One bill introduced Thursday raises the beer tax by two cents a can. The wine tax would increase by about three cents per serving, while taxes on liquor would jump by 15 cents per 750 milliliter bottle. The increases would net an estimated $7.2 million next year and $9.9 million the following year.

A separate bill increases a variety of tobacco taxes, including hiking cigarette taxes by 50 cents per pack, from $1.60 to $2.10. It also includes vapor products in the definition of tobacco.

Those increases are expected to generate about $11.6 million next year and $17.1 million the following year.

House approves auto insurance reform measure

The state House has approved legislation restricting the factors that insurers can use in setting automobile insurance rates.

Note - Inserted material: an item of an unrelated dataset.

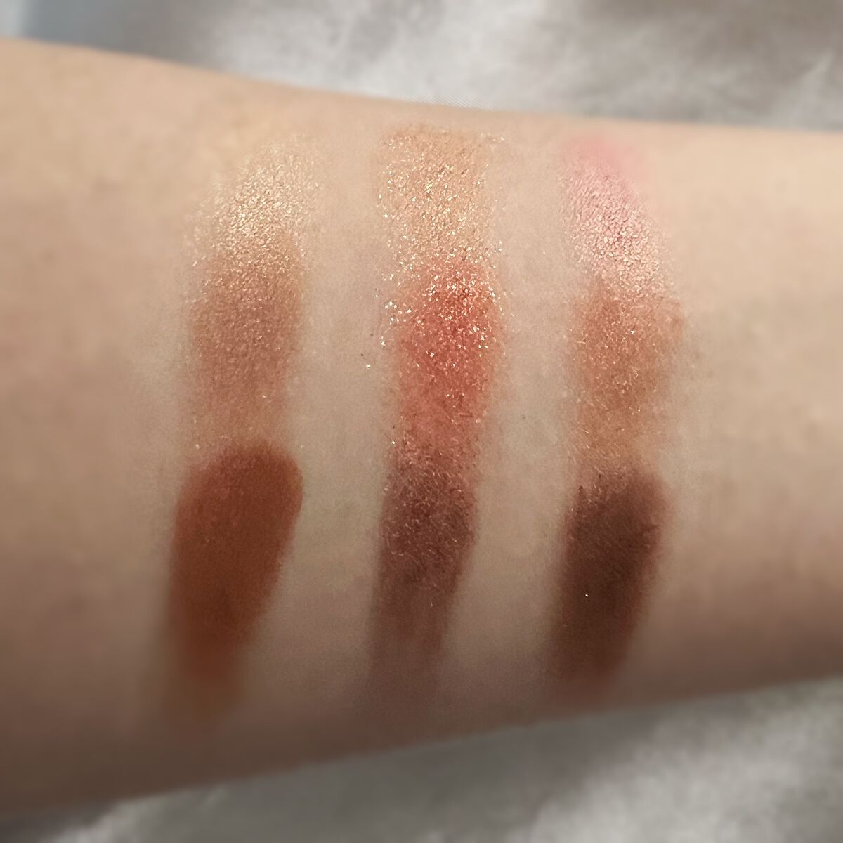04 ザ・ナラティブ はクールトーンの配色で グレーカラーとかくすんだカラーが多くて 組み合わせは昨日紹介した03より難しいかもしれません。 ヒンスいつも通りの滑らかで発色が良い ただしこのパレットのポイントカラーの ブラックカラーは濃い色なので、キレイに伸ばせないです😢 一番左上はクリームタイプのアイシャドウです 恐らくアイシャドウベースだと思います。 今回の新色03と04 個人的には03の方が気に入りです🌷❤️

The bill, a watered-down version of legislation that had stalled in committee amid opposition from industry groups, was approved Thursday on a 24-14 vote. It now goes to the Senate.

The original bill prohibited the use of age, marital status, credit scores and income in setting auto insurance premiums. Instead, insurers would have to set rates based on a driver’s claims experience, safety record, number of miles driven annually, and years of driving experience.

The revised measure establishes permissible uses of credit information in setting rates. It also prohibits companies from increasing rates simply because a customer is 75 or older or because a spouse’s death causes a change in marital status.